One real data example to demonstrate the workflow of powmic
If gut microbiome are of interest, we download COMBO dataset from Qiita with study ID 1011 (https://qiita.ucsd.edu/study/description/1011).
# Process COMBO dataset
library(powmic)
Sys.setlocale('LC_ALL','C')
data=read_biom('study_1011_012820-210610/processed_data/221_otu_table.biom')
otu_table=as.data.frame(as.matrix(biom_data(data)))
dim(otu_table)
meta=read.table('1011_20171108-091205.txt',header=T,sep="\t",stringsAsFactors = F,quote=NULL, comment='')
tread=colSums(otu_table)
nonzeros=rowSums(otu_table!=0)
otu.mat=otu_table[nonzeros>5,]
dim(otu.mat)
# DE analysis for obtaining proportion of DA otus and lfc between male and female
id=match(colnames(otu.mat),meta$sample_name)

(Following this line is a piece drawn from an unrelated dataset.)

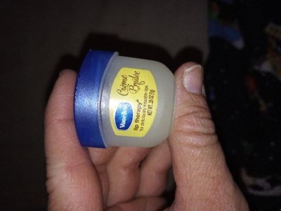 This lip balm comes in a cute mini tub! Smells good and has the same great quality as you would expect from the Vaseline brand.

sex=meta$sex[id]; table(sex)
dat=list()
dat$counts=otu.mat
dat$designs=numeric(length(sex))
dat$designs[which(sex=='female')]=1
d=DGEList(counts=dat$counts, group=dat$designs)
d=calcNormFactors(d)
d=estimateCommonDisp(d)
d=estimateTagwiseDisp(d)
fit=exactTest(d)
res=topTags(fit, n=nrow(dat$counts))
res=as.data.frame(res)
proportion=sum(res$FDR<0.1)/nrow(dat$counts)
proportion
lfc=res$logFC[res$FDR<0.1]
hist(lfc)
There are 100 samples (56 female and 44 male) and 3393 OTUs. After removing OTUs with less than 5 non-zero entries across samples, we have 1379 OTUs for the downstream analysis. In a two-group design (female vs male), we use edgeR to obtain the proportion of DA OTUs and effect size (fold change). There are around 3\% DA OTUs (FDR<0.1) and the fold changes are shown in the figure below.
We apply two model selection criteria to choose the data distribution. We start with AIC first.
modelselect.AIC(t(otu.mat))
{width=65%}
NB acheives 72.4\% smallest AIC for all OTUs.
powmic further compares NB, ZINB and ZIP using Vuong test.
modelselect.vuong(t(otu.mat))
{width=65%}
Comparing NB and ZINB, NB is 62.2\% better than ZINB. Comparing NB and ZIP, NB is 40.2\% better than ZIP and ZIP is only 4.6\% better than NB. Overall, we choose NB as the data distribution based on both AIC and Vuong test.
powmic then estimates parameters including microbial correlations, mean and dispersion for all OTUs. The estimation steps will be much longer if microbial correlations needs to be estimated.
library(rMAGMA)
#fit NB
params=list()
Sigma=estSigma(x,method='MAGMA',distrib='NB') #option for estimating microbial correlation structure
params$Sigma=Sigma
out=fit.NB(x)
params$otu.mat=out$otu.mat
params$mu=out$mu
params$phi=out$phi
We set 5\% DA OTUs and use previous estimated parameters from COMBO study to generate synthetic datasets and perform power analysis.
data(params2) #params has been built into the package
lmu0=log(params$mu)
lphi0=log(params$phi)
Sigma=params$Sigma
distrib='NB'
lfc.mu=lfc
params.sim=setParams.NB(nTaxa=1000,p.DA=0.05,Sigma=Sigma,lmu0=lmu0,lphi0=lphi0,lfc.mu=lfc)
powmic.out=powmic(n1s=c(20,60), n2s=c(20,60),
params=params.sim,distrib=distrib,DAmethod='wilcox',nsims = 2)
assess.out = assess(powmic.out, alpha.type='fdr',alpha.level=0.1,stratify.type='prevalence')
sum.out=summaryAssess(assess.out,assess.type='overall')
References
lichen-lab/powmic documentation built on April 7, 2023, 4:40 p.m.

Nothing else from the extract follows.